An oft-valid approach
What you can do is iterate along the list, comparing the address of the elements (i.e. &*i) to the address of the object to which your other iterate points.
Mankarse's comment cautions that this might not work as intended for objects providing their own operator&. You could work around this using std::addressof, or for C++03 boost's version
Martin's comment mentions that you have to assume the candidate iterator that you're testing list membership for is safely dereferenceable - i.e. not equal to an end() iterator on the container from which it came. As Steve points out - that's a pretty reasonable precondition and shouldn't surprise anyone.

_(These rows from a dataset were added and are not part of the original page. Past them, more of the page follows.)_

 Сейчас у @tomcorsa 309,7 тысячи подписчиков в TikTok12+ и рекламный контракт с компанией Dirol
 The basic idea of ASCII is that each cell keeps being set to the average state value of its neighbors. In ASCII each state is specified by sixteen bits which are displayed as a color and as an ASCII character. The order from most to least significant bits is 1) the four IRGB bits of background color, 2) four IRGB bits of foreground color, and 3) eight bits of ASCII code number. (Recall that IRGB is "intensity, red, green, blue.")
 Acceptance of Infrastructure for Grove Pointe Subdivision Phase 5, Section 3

(This is fine for all Standard containers as stored elements never have the same address, but more generally user-defined containers could allow non-equal iterators to address the same value object (e.g. supporting cycles or a "flyweight pattern" style optimisation), in which case this approach would fail. Still, if you write such a container you're probably in a position to design for safe iterator comparison.)
Implementation:
template <class IteratorA, class IteratorB, class IteratorC>
inline bool range_contains(IteratorA from, const IteratorB& end,
const IteratorC& candidate)
{
while (from != end)
if (&*from++ == &*candidate)
return true;
return false;
}
Notes:
This adopts the Standard library approach of accepting a range of iterator positions to search.
The types of each iterator are allowed to vary, as there are portability issues, e.g. containers where begin() returns an iterator but end() returns a const_iterator.

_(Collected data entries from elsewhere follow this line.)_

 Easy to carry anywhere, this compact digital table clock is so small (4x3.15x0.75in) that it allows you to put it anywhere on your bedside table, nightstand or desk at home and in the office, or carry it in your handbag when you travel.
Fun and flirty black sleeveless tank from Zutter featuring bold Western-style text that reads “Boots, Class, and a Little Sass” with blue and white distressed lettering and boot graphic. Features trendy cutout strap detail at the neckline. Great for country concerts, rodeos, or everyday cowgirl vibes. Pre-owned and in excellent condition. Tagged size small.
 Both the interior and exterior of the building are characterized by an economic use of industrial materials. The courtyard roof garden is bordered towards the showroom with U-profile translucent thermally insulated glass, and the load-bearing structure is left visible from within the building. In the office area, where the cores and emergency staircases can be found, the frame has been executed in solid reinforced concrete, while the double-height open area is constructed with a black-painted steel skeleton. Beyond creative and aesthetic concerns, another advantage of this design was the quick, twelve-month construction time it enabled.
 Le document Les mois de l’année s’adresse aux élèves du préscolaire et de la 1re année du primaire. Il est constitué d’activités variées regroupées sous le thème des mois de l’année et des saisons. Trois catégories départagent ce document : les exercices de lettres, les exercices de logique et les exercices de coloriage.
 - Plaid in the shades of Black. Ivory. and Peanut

Iterators other than from are taken by const reference, as iterators can sometimes be non-trivial objects (i.e. too large to fit in a register, relatively expensive to copy). from is needed by value as it will be incremented through the range.
Related
Iterators from different containers cannot be compared (see for example here:https://stackoverflow.com/a/4664519/225186) (or more technically, it doesn't need to make sense.)
This raises another question, can iterator from different ranges be assigned to each other?
Container A = ...;
Container B = ...;
auto it1 = A.begin();
it1 = B.begin(); // it1 first belonged to A, does it1 need to belong to B later
Is the last line required to work by the Iterator concept in some standard or in the accepted practices or in the upcoming std ranges?
Since equality and assigment are so intertwined, it seem that if equality (==) is not always well defined then assignment (=) doesn't need to be well defined either, and probably for similar underlying reasons.
The reason I ask is not purely academic, because a certain iterator implementation could have some "metadata" from the container, and that (depending on the implementation) may or may not be able to be reassigned or simply a waste to be reassigned.
(For example a stride information that is unique to A and doesn't agree with that of B.
Another example is when the iterator stores a reference to the original range.)
This could allow that when assignment is tried, a particular field (member) might be left untouched.
One could make the assignment work in some cases, and that may produce less surprises, but it could also limit the implementations, and the question is would it be really necessary to define/allow the assignment between iterators of different origin (provenance)?
UPDATE 2021:
The linked documents read things like:
[...] the term the domain of == is used in the ordinary mathematical
sense to denote the set of values over which == is (required to be)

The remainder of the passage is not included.